By Franz Schubert. Adapted by Heather Fairbairn & Krystal Sweedman. Directed by Heather Fairbairn

Through fragmented memories and dreams, an ageing poet recounts the mistakes of his youth. As a young man, he abandons his fiancée to venture into the winter’s night, driven by the fear that she has been unfaithful. In his isolation, he is plagued by hallucinations of his beloved traversing the icy landscape in search of him.

Rausch

By Falk Richter. Translated by David Tushingham. Directed by Jessica Arthur.

Intimacy is dead. Rausch is an exploration of the intoxication of emotions and how modern society is out of touch. We are losing the meaning of words, the meaning of touch and the meaning of reality.

STUDIO PROGRAM

Little Bitch

By Katie Cawthorne, Laura Lethlean and Debra Thomas. Directed by Katie Cawthorne.

A pack of teenagers inhabit a blunt and unsettling environment, where every move is analysed and compared to an expectation. One pack member is labelled and judged until they're completely isolated. What does it mean if you're a little bitch? What does it mean if you're a dog? What does it mean if you're a hoe, skank, mole, bush pig...girl? Can you choose not to be?

The Death of Abel

A film by David Burrowes. Directed by David Burrowes

Since the beginning of time man has killed man. On a night that’s been a long time coming, estranged brothers Cain and Abel meet to mourn the death of their father, share a glass of whiskey and settle a score that dates back an eternity.
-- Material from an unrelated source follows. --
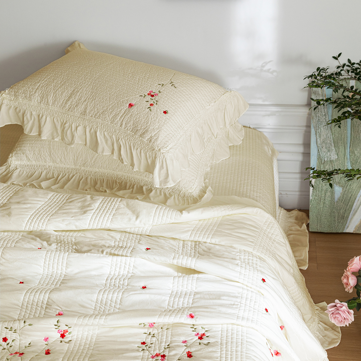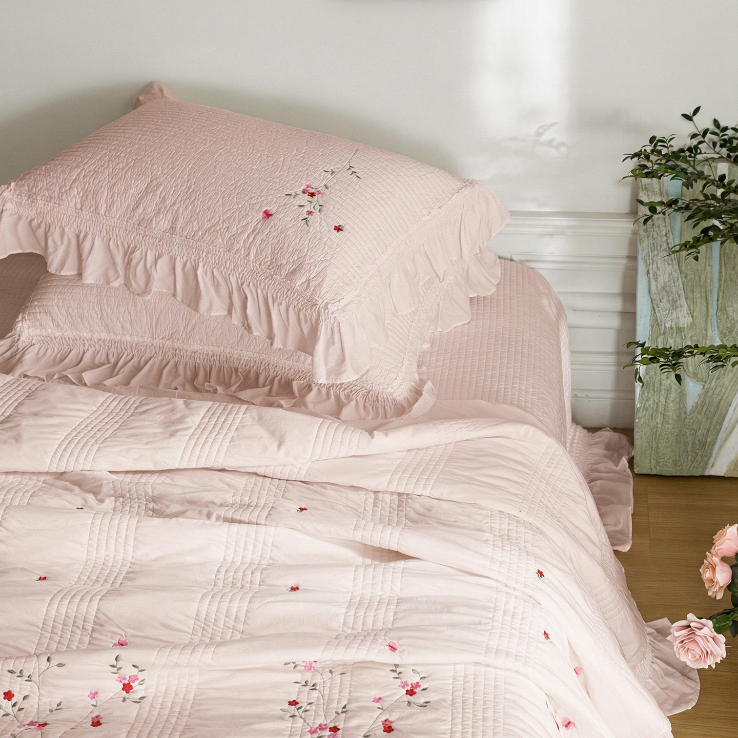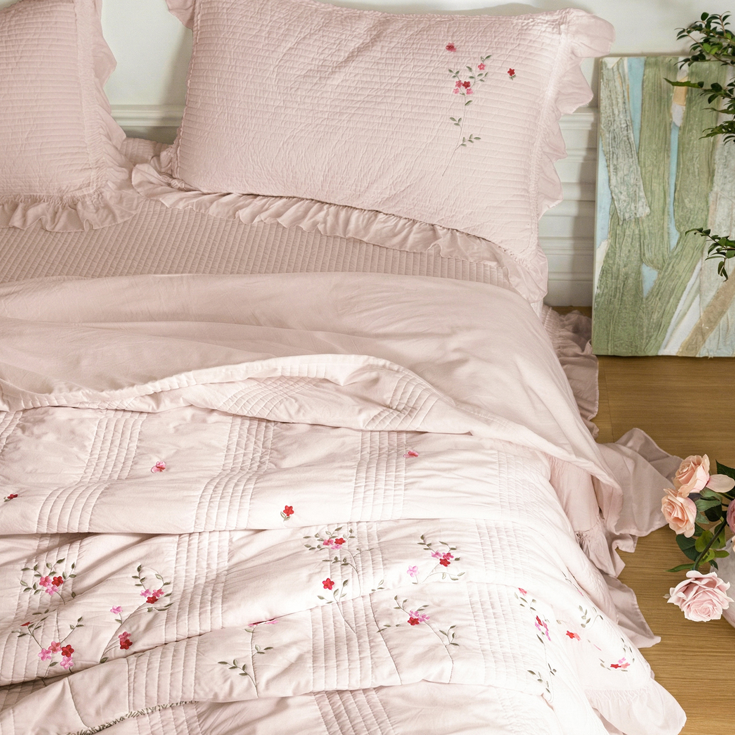 (总)上喜 2026新款棉麻小花刺绣款床盖多功能被子系列,麻本色,麻粉色

Le Portrait de Dorian Gray

By Oscar Wilde. Adapted by Stephen Sewell. Directed by Zebastian Hunter

This adaptation of Dorian Gray picks up the story after the suicide of Sibyl Vane, whom Dorian callously casts aside when his infatuation with her evaporates. Abandoning himself to hedonism under the decadent philosophy that ‘Truth is beauty, and beauty truth’, his life becomes increasingly unhinged and corrupt.

Hunger

Adapted by Samantha Young from Erisycthon and Mestra by Tom Wright. Directed by Samantha Young

‘The king, in sleep, in imagination, dreamt of feasts, closed his mouth on vacancy,

Exercised his gluttony on insubstantial food,

And fruitlessly ate the empty air.

All nourishment becomes a reason for nourishment

And always by eating, he creates an empty void.’

Image: (L to R), David Burrowes, Heather Fairbairn, Katie Cawthorne, Alastair Clark, Jessica Arthur, Samantha Young, Zebastian Hunter. Copyright of NIDA, photographer Don Arnold.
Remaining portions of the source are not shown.